The retail landscape is consolidating, with share accruing to the mass merchants and specialty chains while the traditional department store is losing ground. We believe that specialty chains compete on customer knowledge garnered from daily interactions, focus groups, and marketing intelligence, and this knowledge is often combined with high customer-service levels to result in an attractive price/value equation for the consumer.

ANF's target demographic is attracted to strong brands, as well as fashion and value, when determining apparel selections. While the specialty channel holds the largest share of the apparel market, S&P estimates that the subsegment serving the youth demographic represents about 3% of total apparel retail sales. With barriers to entry minimal (capital investment in merchandise, rent, and labor expense) and potential returns on investment high and quick (four-wall return on investment exceeds 40% in 12 months for many specialty retailers), there is a steady flow of new industry participants. In addition to competing with other apparel retailers, regardless of channel, for youth discretionary spending, ANF competes with merchandise and services, especially consumer electronics and entertainment services.

Target Price: $88

Our 12-month target price for ANF shares of $88 incorporates relative, historical, and peer valuations. The shares recently traded at about 15 times our fiscal year 2008 earnings-per-share (EPS) estimate of $5.26, around a 10% discount to the level of peers and in line with the S&P MidCap 400 as well as ANF's five-year average one-year forward p-e multiple.

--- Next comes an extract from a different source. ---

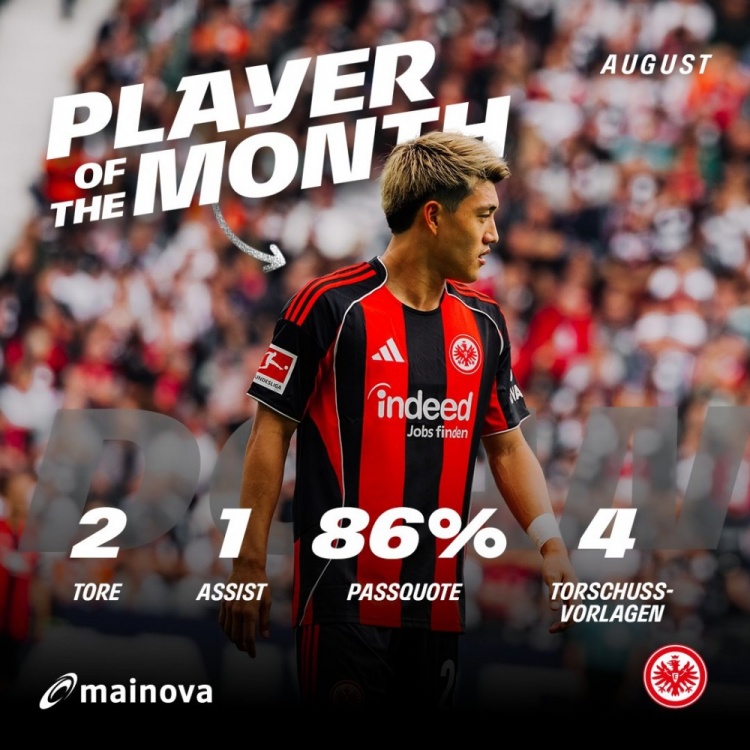 9月11日讯 法兰克福昨日官方宣布,效力于该队的日本国脚堂安律当选球队8月最佳球员。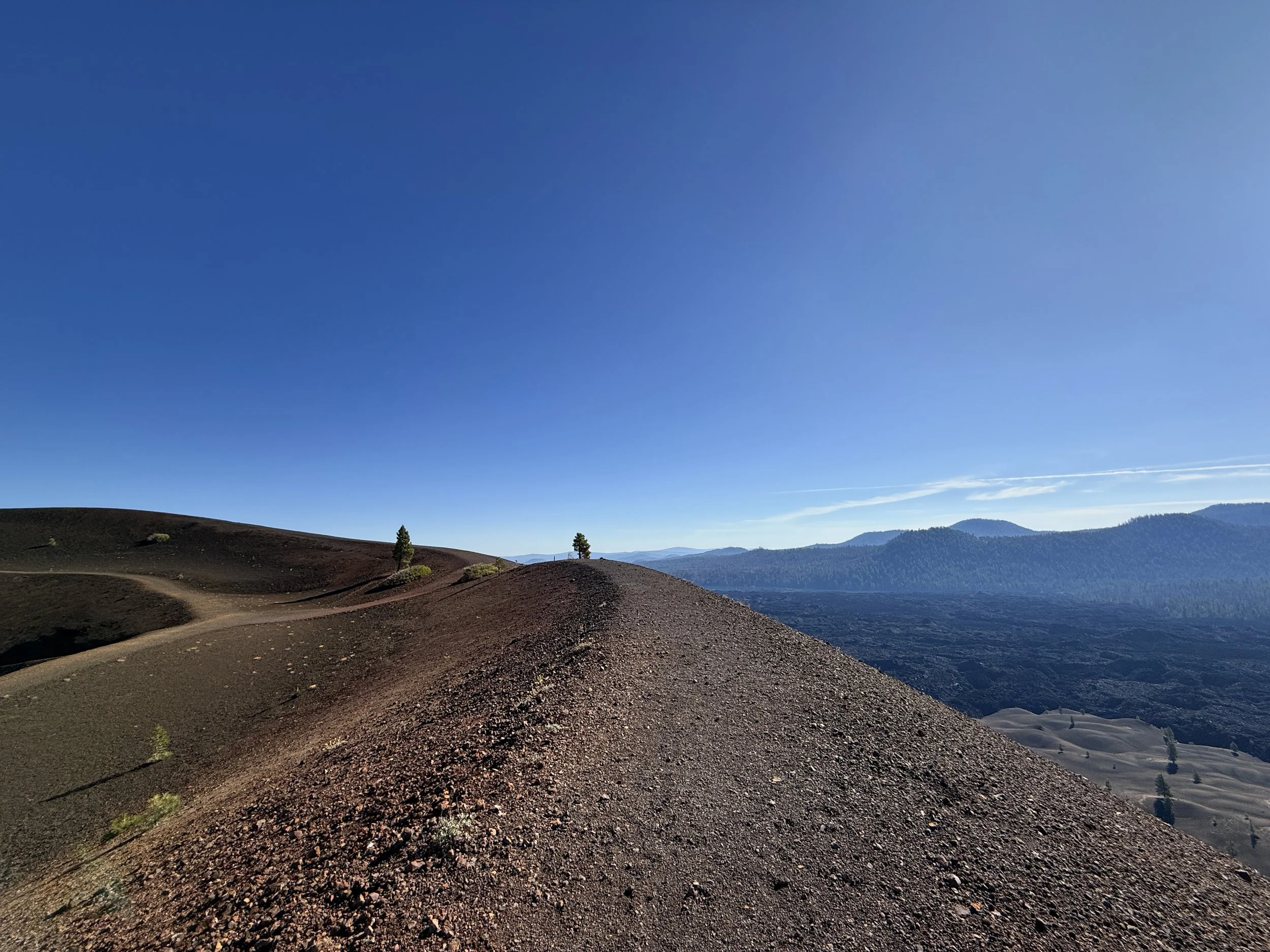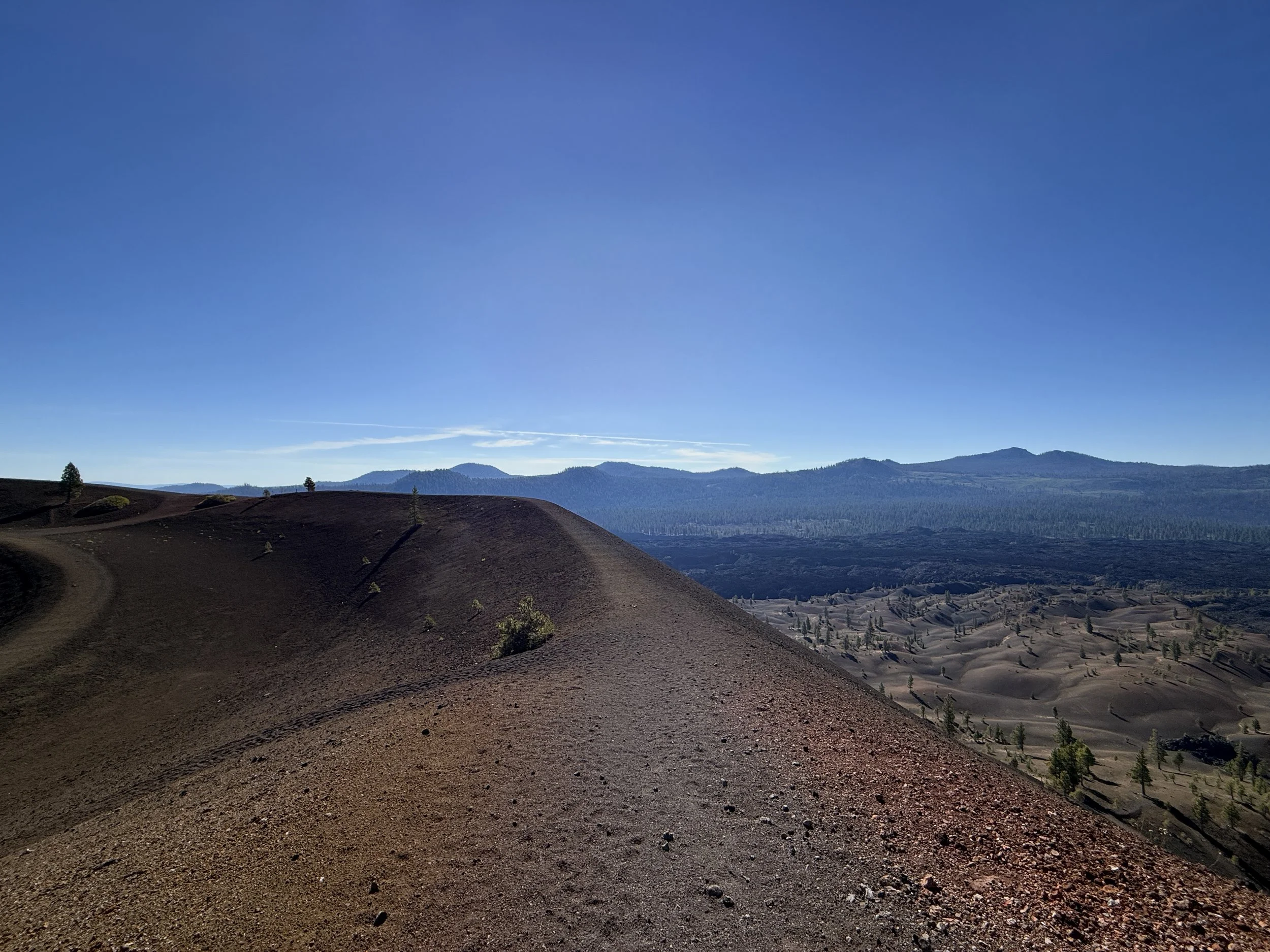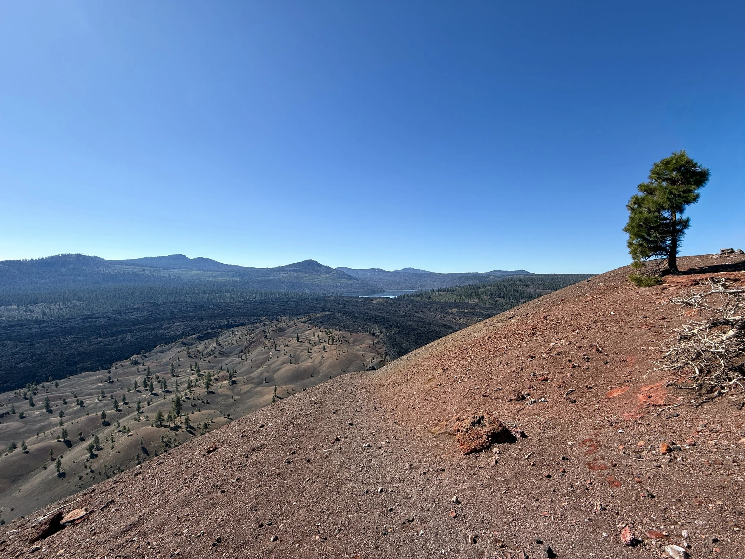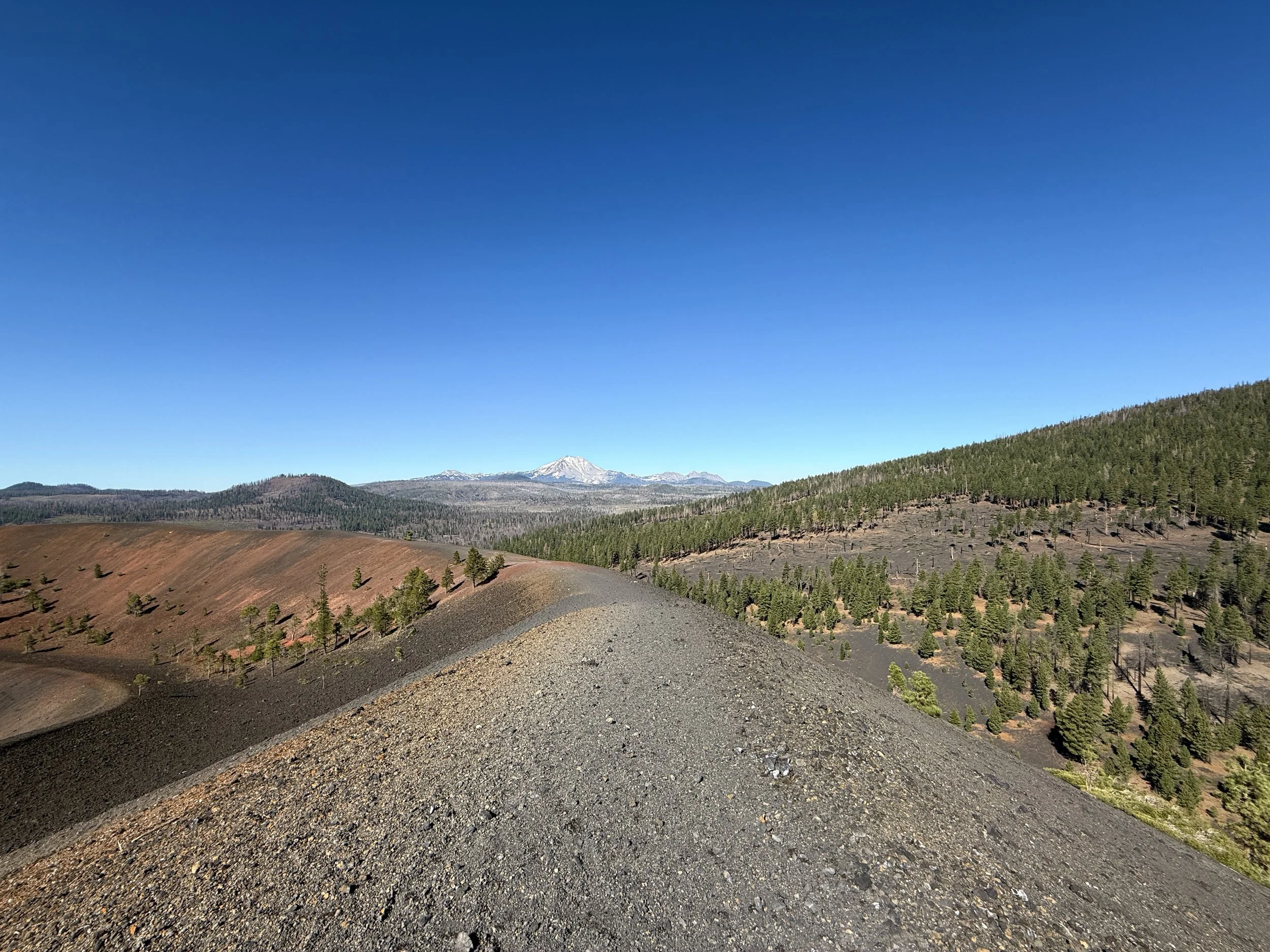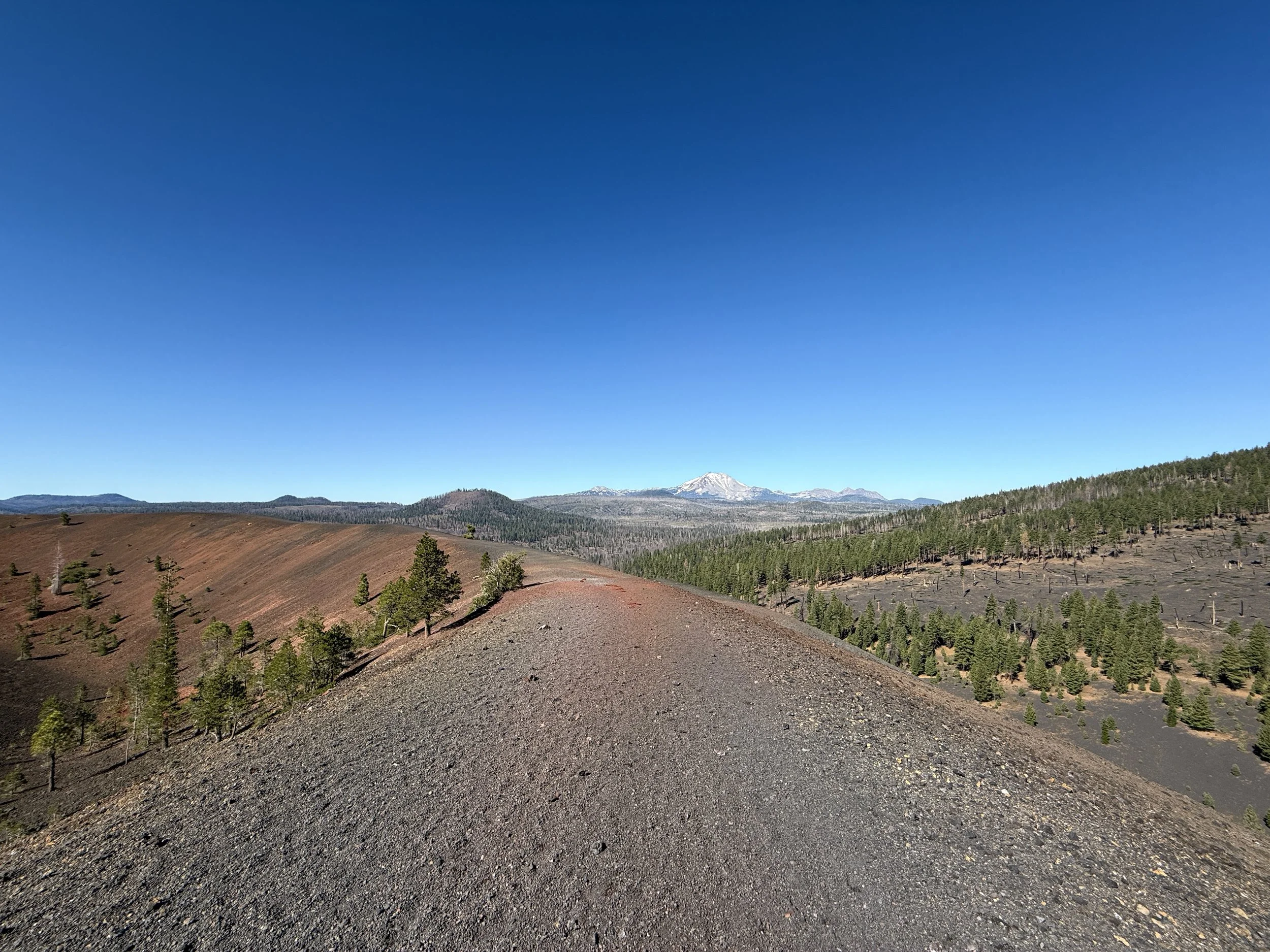 Just before the Cinder Cone, the trees begin to thin considerably, which is why I recommend hiking the trail in a hooded sun shirt, as there’s essentially no shade until the return hike at the very end.

We believe that as investors focus on what we view as ANF's brand-building strategies, superior operating metrics, and management acumen, the shares will be afforded a higher p-e multiple. We anticipate that over the course of the next 12 months, the stock will trade in line with peers (at 17 p-e) and its recent two-year average one-year forward p-e multiple (17) using our fiscal year 2008 projected EPS.

We believe ANF's corporate governance policies are generally sound. The company has adopted charters regarding the nomination of directors, corporate governance guidelines, as well as the audit and compensation committees. It regularly reviews board performance. The board is controlled by a super majority of independent outsiders (greater than two-thirds), and we are encouraged that the audit committee consists entirely of independent outside directors.

The primary negative factor in our view, is that the chairman of the board, Mike Jeffries, also serves as the CEO. While this is a fairly common practice in the specialty-apparel and apparel and accessories industries, and we think the bench strength at ANF's New Albany (Ohio) headquarters is deep, this single-person dependency is a risk. We note a board-approved CEO succession plan is in place.

Whims of Fashion

Risks to our recommendation and target price, in our view, include negative same-store sales trends, fashion, and inventory risk. ANF's retail locations exclusively sell its proprietary branded apparel, accessories, and personal-care products. Therefore, the company is dependent on the strength and attractiveness of its brands to its target audiences. Fashion apparel is fiercely competitive, and youth consumers can be fickle. While we think this risk is mitigated by ANF's four distinct brands and customer profiles, an adverse change in consumer perception toward any of the brands could make it difficult for ANF to achieve our sales and earnings projections.

Same-store sales comparisons are difficult for the remainder of fiscal year 2007, and this metric is (although oftentimes mistakenly, in our view) investors' north star. International retail expansion has met with varying degrees of success for most retailers. While ANF's Canadian stores are very viable, European and Asian expansion could be more difficult. It is worth noting that international demand has been steady and growing on A&F's Web site.

Finally, with the RUEHL concept, ANF enters the adult apparel market (although we know many thirtysomethings who frequent the A&F stores for tightly fitted polo shirts and jeans), a market segment that is capturing growing attention from other specialty-apparel retail operators. While there is no guarantee of success, ANF's brand-building and retail development acumen is considerable, in our view.